What I gathered from your last post was that I should set my subs frequency to the max, and let the processor send the appropriate information, whether watching movies or music.

I guess the reason my way sounds more correct to me is that I'm assuming that ALL information received through the LFE input is played as is, as opposed to the high level connection, which is effected by the crossover that is set in the sub. In other words, the crossover that you set in the sub affects ONLY the high level connection, not the LFE.

Phew, that was a mouthful... How wrong am I?

-Fauzi


----------



## Moonfly (Aug 1, 2008)

Your correct, if I am reading you correct .

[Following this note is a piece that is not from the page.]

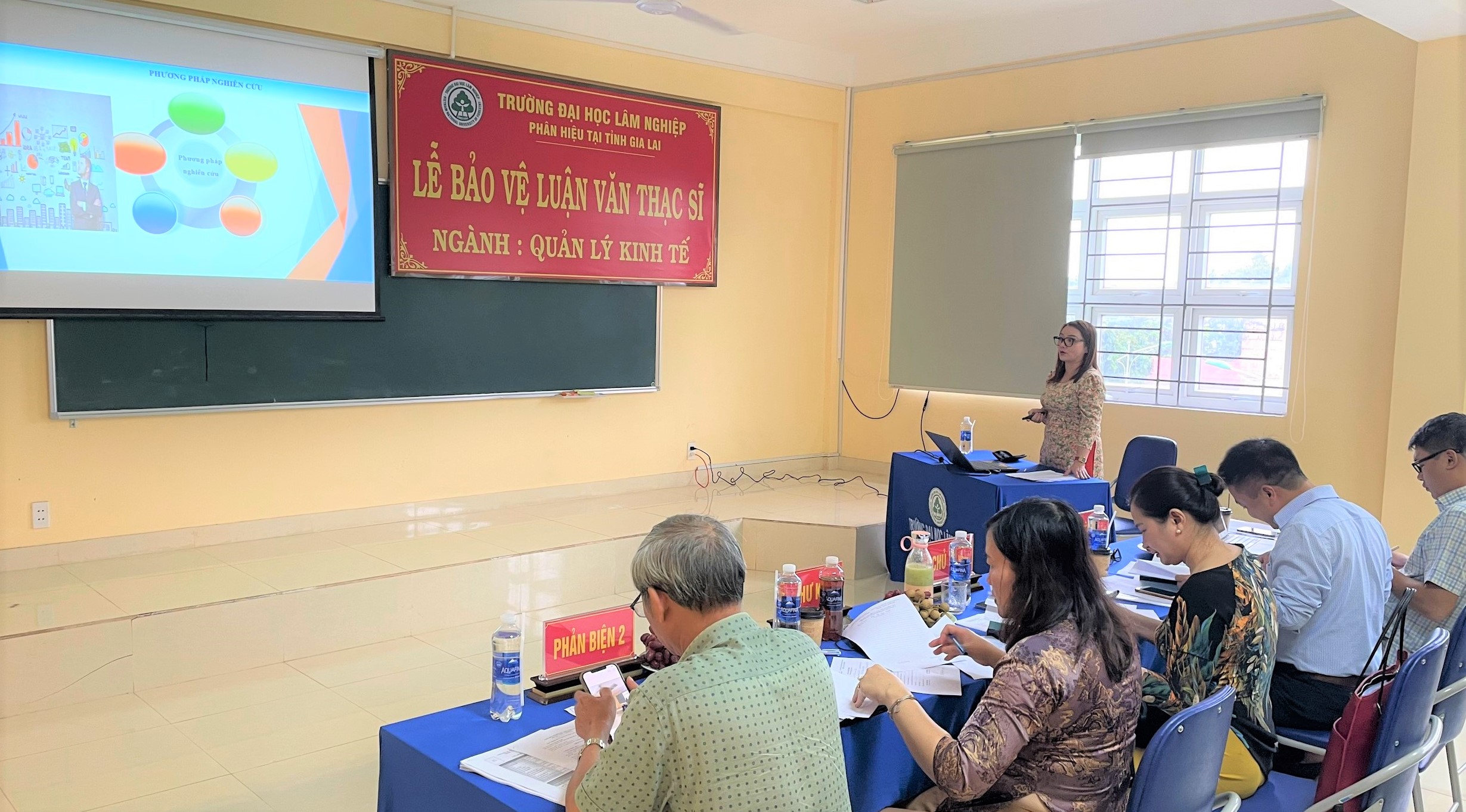 Tham dự các buổi bảo vệ luận văn có đầy đủ các thành viên trong Hội đồng chấm luận văn của ngành Quản lý kinh tế theo Quyết định của Hiệu trưởng Trường Đại học Lâm nghiệp. Hội đồng chấm luận văn thạc sĩ gồm các chuyên gia, nhà khoa học và giảng viên là Phó giáo sư, tiến sĩ có nhiều kinh nghiệm và kiến thức chuyên sâu trong lĩnh vực Kinh tế.

The LFE crossover (on the sub) should be set to off or max to allow the processor to manage the bass. The high level connection should have the crossover set on the sub to match the speakers low end frequency rating, to allow the subs HL connection to manage the bass.


----------



## Moonfly (Aug 1, 2008)

recruit said:


> Dan - REL subs do actually use both high and low levels simultaneously as opposed to other subs out there, this is one feature that REL do recommend in doing...after owning a Quake/ Q150MKI &MKII / Strata III and Strata V, I did combine the 2 and had good results, well apart from the Quake that is :blush:


Just spotted your post.

I owned a Q100e and a strata 2 so have experience of Rel as well. I know you can use both connections together which is fine, but if you do this via a modern AVR, depending on how you have it set, the AVR will only utilise one connection at a time, unless you specifically tweak all the settings to circumvent this. Typically, these kinds of setting would be out of the norm for a movie focused system setup.


----------



## recruit (May 9, 2009)

That is what makes the REL's so good with music sources due to it's flexibility for connections both high and low, although unless you move up to Stentor and above ie Studio they struggle to produce the levels of LFE we are used of nowadays...


----------



## Moonfly (Aug 1, 2008)

I certainly agree with that :T


----------



## fauzigarib (Mar 11, 2010)

Moonfly said:


> Your correct, if I am reading you correct .
> 
> The LFE crossover (on the sub) should be set to off or max to allow the processor to manage the bass. The high level connection should have the crossover set on the sub to match the speakers low end frequency rating, to allow the subs HL connection to manage the bass.


D,

Here's my confusion. On the control panel of the sub, there is control for only one frequency crossover. Is this the crossover for both connections at the same time? I have always assumed that this was just for the high level connection, whereas the LFE played the signal as it was sent.

Therefore, if there is only one freq control, and that controls the crossover for both connections, I guess I'm forced to have the bass management done by the processor.

Am I correct?

-Fauzi


----------



## Moonfly (Aug 1, 2008)

Got ya. Most subs have crossovers for both high and low level connections, but like you say yours doesnt. Ive had a quick look at the manual and although it doesnt seem to specifically say if this is the case or not, I would say its pretty safe to assume your correct in that the on board crossover is purely for the HLC :T


----------